Complications of LNT — A potentially serious complication of LNT is the development of lymphedema associated with the donor site [41,51,54,63]. The use of mesenteric lymph nodes (eg, omentum, intestinal mesentery lymph nodes) obviates this problem since harvesting these lymph nodes does not result in lymphedema. However, this benefit must be balanced with potential intra-abdominal complications (eg, hernia, small bowel obstruction, pancreatic injury). The risk of developing donor-site lymphedema has been minimized with the development of reverse lymphatic mapping. This technique injects ICG fluorescence lymphography and/or a radioactive tracer into the limb adjacent to the donor site, allowing a surgeon to identify which lymph nodes drain the extremity at the donor site and to avoid harvesting these nodes and select an alternative donor site. In a review of 60 LNTs performed in a four-year period using mapping techniques, significant improvement occurred in more than 50 percent of their patients, with no cases of donor site lymphedema [63].

The risk of other complications following an LNT is low but may include loss of flap, donor site lymphedema, seroma, lymphocele, infection, and wound healing complications [20].

Direct excision — Direct excision has successfully treated many patients with lymphedema and may be the only, and possibly best, treatment option for patients with severe lymphedema who have impaired physical function, recurrent infections, skin ulcerations, pain, and poor quality of life [52,63-65].

These procedures are particularly useful in areas where liposuction is not possible (eg, scrotal lymphedema, large medial thigh masses). However, rates of effectiveness vary, morbidity can be significant, and lesions may recur.

A variety of direct excision procedures have been described for the treatment of extremity and genital lymphedema [32,33]. Direct excision was first described in 1912 as the "Charles procedure," which involved circumferential excision that often worsened lymphedema and is rarely used today [64,65].

Localized excision of focal areas of severe lymphedema is commonly performed. Direct excision involves excision of the affected tissue above the deep fascia with preservation of the overlying dermis or with removal of the dermis. The resulting defects are covered either with tissue flaps or with skin grafts. (See "Overview of flaps for soft tissue reconstruction".)

Multiple modifications have been made to this procedure to improve outcomes. Examples include the use of negative-pressure dressing after initial debulking surgery to delay skin grafting and a staged excision of skin and subcutaneous tissue to minimize morbidity or to address specific pockets of tissue [52,64,66].

Candidates for direct excision — Direct excision is generally reserved for patients with very severe disease who have not responded to other treatments. Indications for direct excision include:

Advanced-stage lymphedema that does not improve with conservative treatment (most commonly primary lymphedema)

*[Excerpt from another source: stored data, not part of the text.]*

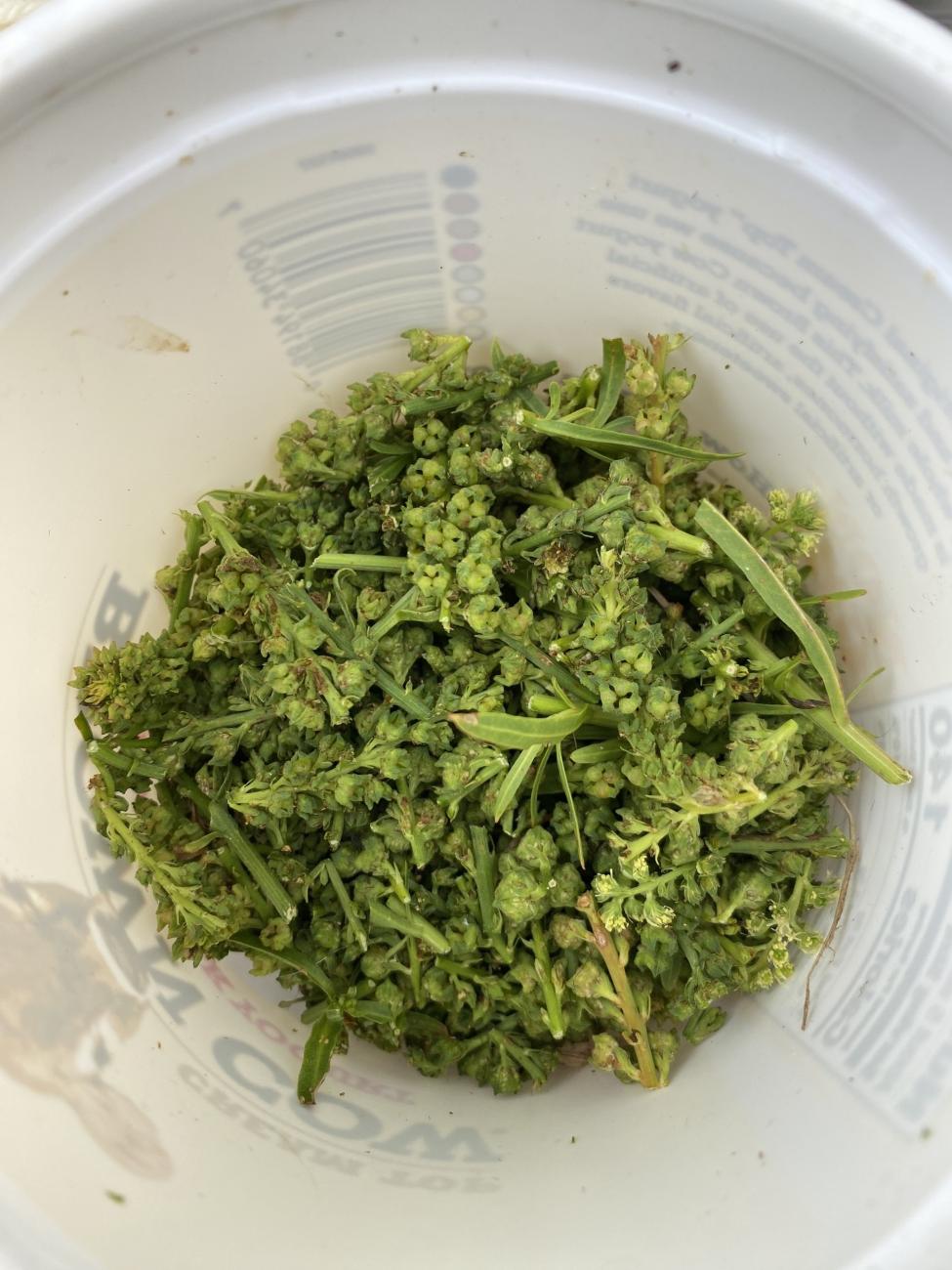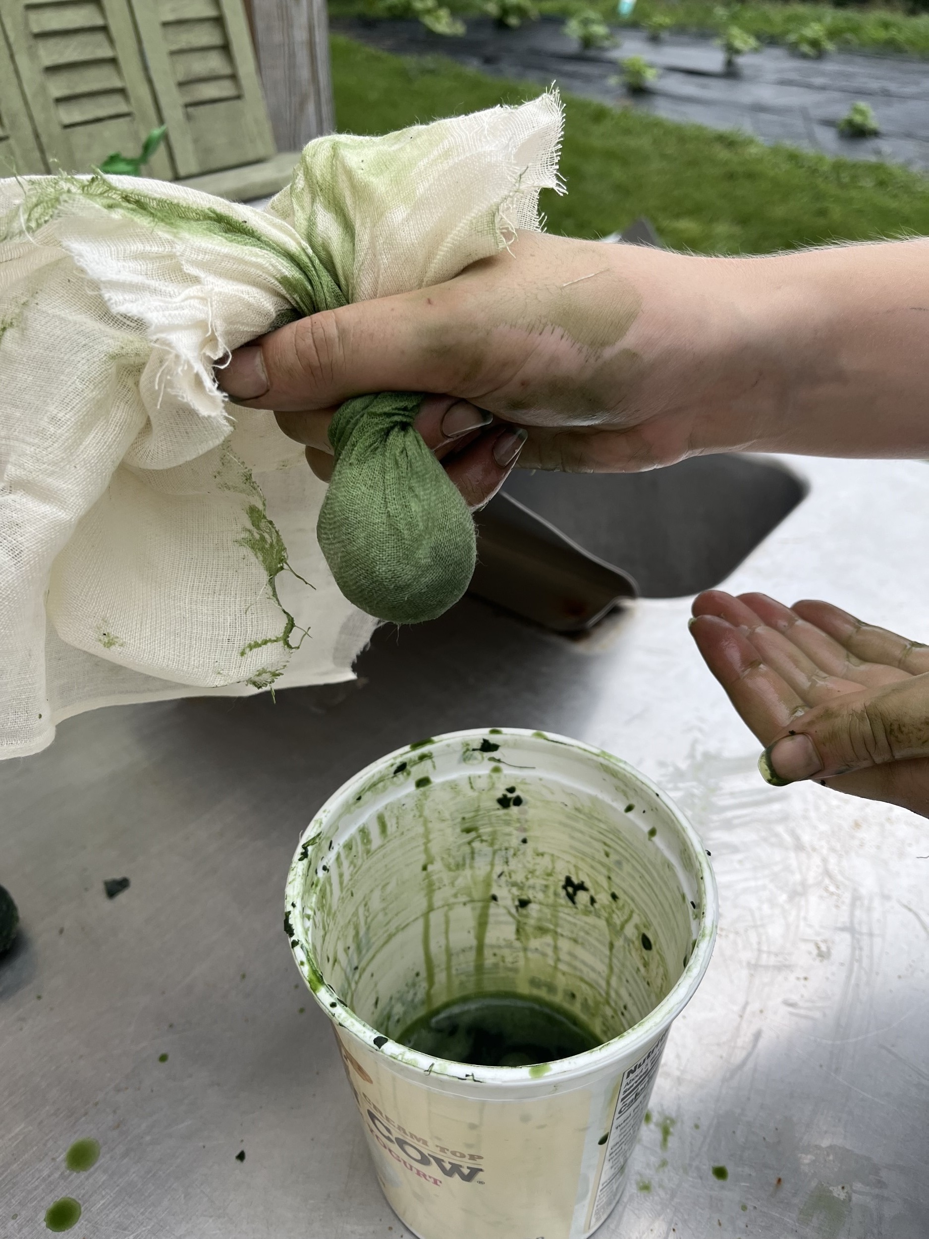 We also tried a method used to extract pigment from indigo. We filled a 5-gallon bucket with woad leaves then added water to cover the leaves. We left this outside for two days in the hot August weather (30 degrees Celsius) to ferment. We then removed the woad leaves, using butter cloth to squeeze all of the liquid out of the leaves, and then strained the whole liquid through butter cloth to get the rest of the chunks out. We then added 5 tablespoons of pickling lime and aerated the mixture by pouring it back and forth between 5 gallon buckets a handful of times. This method was unsuccessful, and we could not get a blue colour.
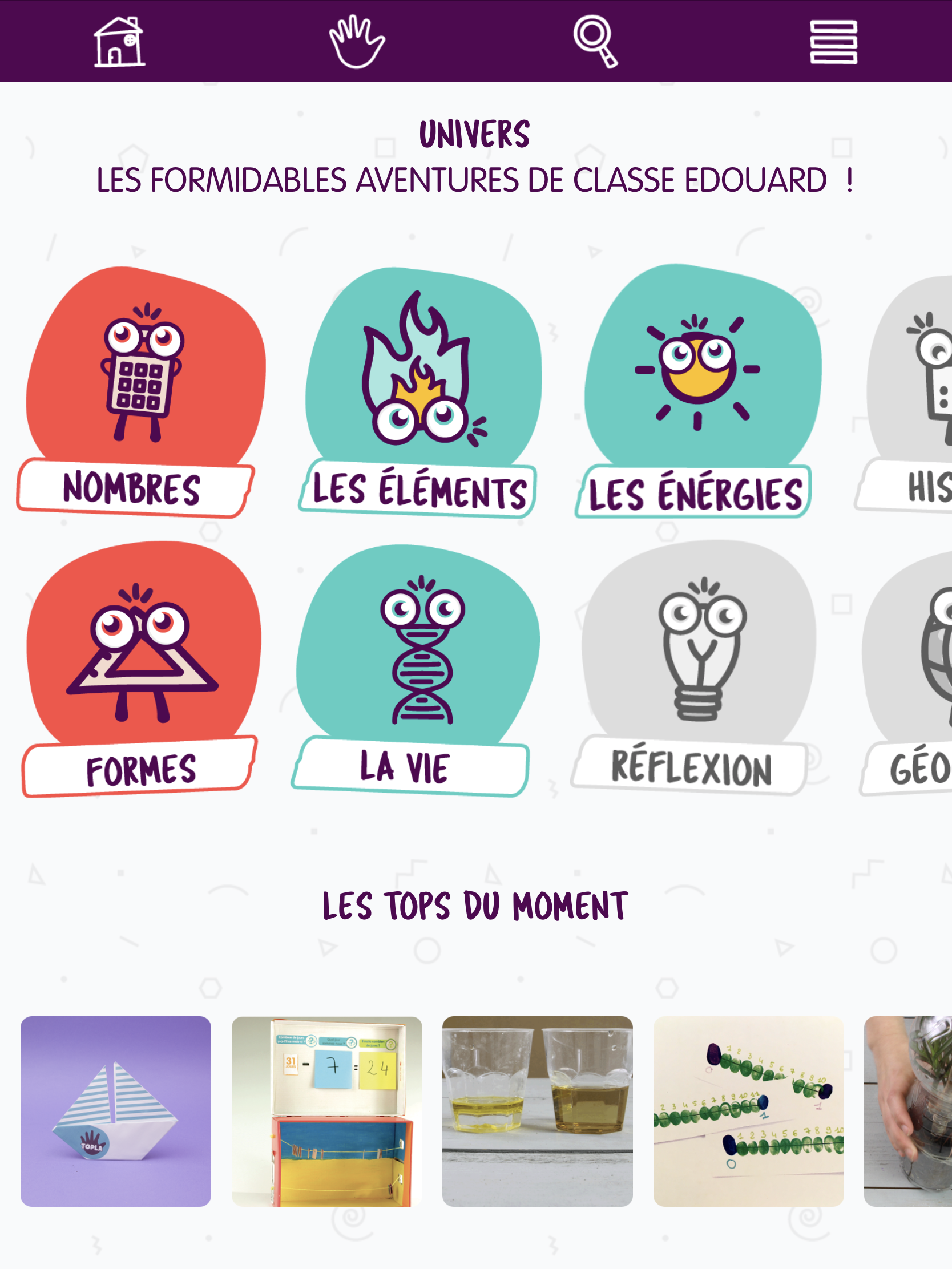 – Sélectionnez un univers à explorer : Les Formes, les Nombres, les Éléments, la vie et de nombreux autres !
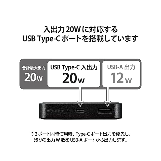 USB-Aポート、USB Type-C(TM)(USB-C(TM))ポートをそれぞれ1ポートずつ搭載しており、2ポート合計20Wの出力が可能な高出力モデルです。
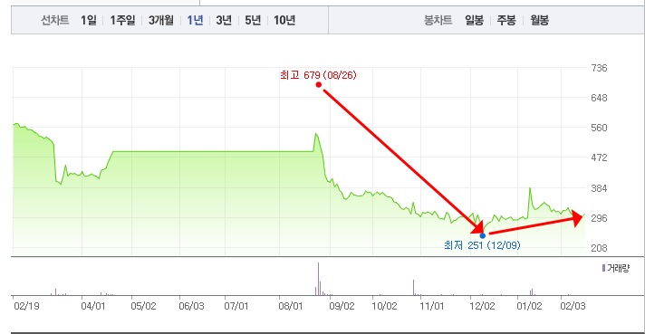 - 52주 최고가/최저가: 679원/251원
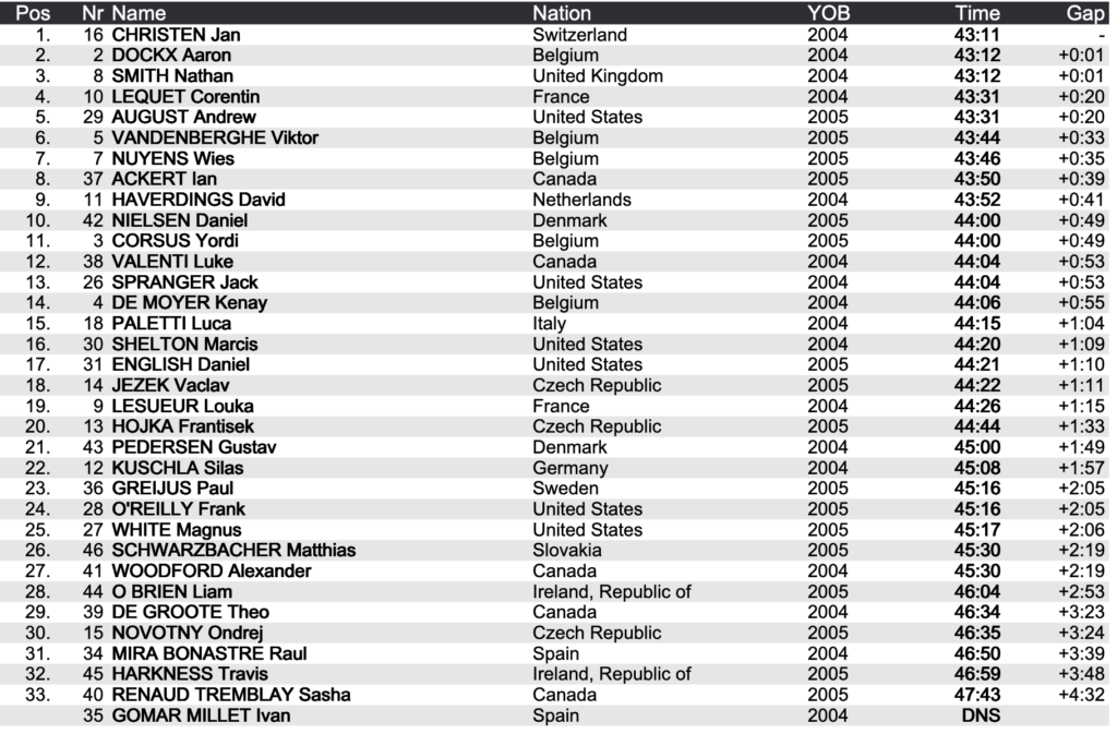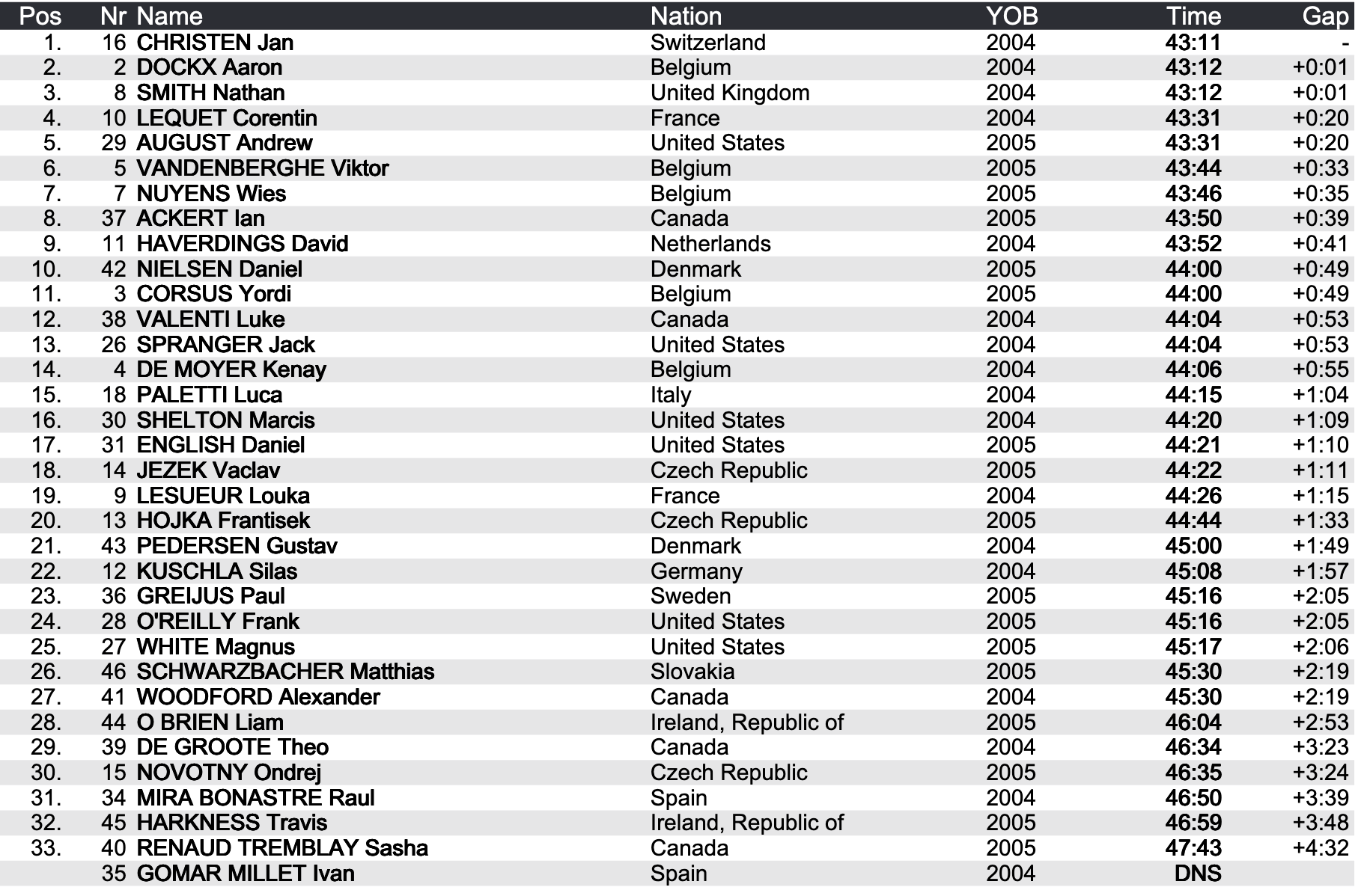 Smith, David Haverdings (Países Bajos), Dockx, el local Frank O’Reilly y Corentin Lequet (Francia) fue el primer grupo en conformarse hasta que Christen avisó junto a los también estadounidenses Magnus White y Jack Spranger. Haverdings, el gran favorito y 9º en meta, sufrió una caída que le alejó de la cabeza al igual que Spranger y Christen, quedándose en cabeza Andrew August, Smith y Dockx y Lequet.
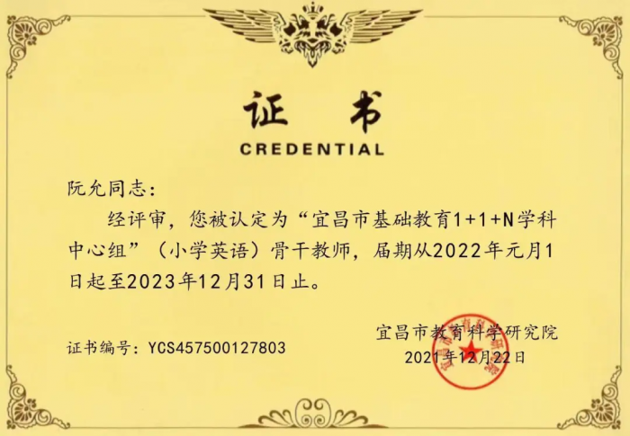 鲁君老师被认定为“宜昌市基础教育1+1+N学科中心组”(中小学书法)骨干教师、阮允老师被认定为“宜昌市基础教育1+1+N学科中心组”(小学英语)骨干教师。
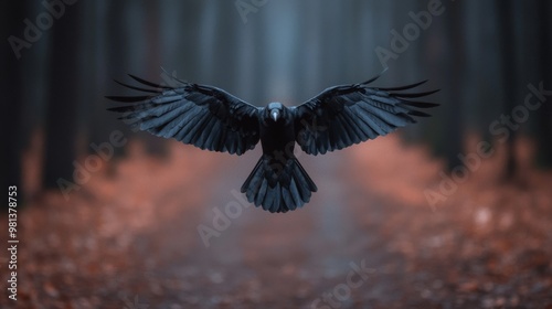 © nalinee, Naklejka premium Majestic Crow in Enchanted Forest Setting
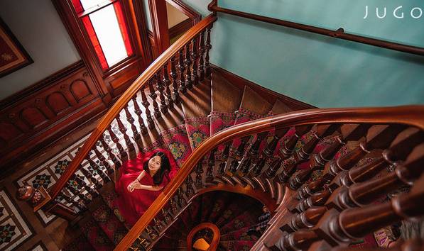 用城堡里的旋转楼梯作为引导线,将观者视线引导到人物。

Recurrent episodes of cellulitis

Severe disfigurement or dysfunction

Large pedunculated masses with relatively narrow bases of attachment

Direct excision is particularly useful for patients with massive, localized lymphedema. These masses can weigh up to 30 pounds on each leg and can severely limit mobility, quality of life, and the ability to undergo complete decongestive therapy and compression therapy. Excision can provide immediate improvement [67-69].

Outcomes of excision — The effectiveness of direct excision varies with the location and extensiveness of the involved tissues.

The largest single-institution observational study further illustrates the effectiveness of excision and reconstruction to reduce the bulk of lymphedematous tissue in patients with primary lymphedema [70]. Quality of life was assessed using the SF-36 questionnaire.

In the retrospective component of the study, 78 patients underwent 174 extremity procedures, and 49 (63 percent) noted a decrease in limb size. Overall, quality of life improved for 23 patients, and physical activity improved for 26. Thirteen patients (12 male and 1 female) underwent 32 excision and reconstructive procedures of the genitalia with overall mixed results. Quality of life was improved in eight patients, sexual function improved in five, physical activity improved in seven. All patients had a reduction in the size of the genitalia.

The prospective component included 10 patients with extremity lymphedema; nine reported a decrease in limb size. Quality of life improved in seven patients and physical activity improved for four. Eight patients experienced a reduction in the size of the genitalia. Quality of life was improved for seven patients, physical activity was improved for six, and sexual function was improved for four.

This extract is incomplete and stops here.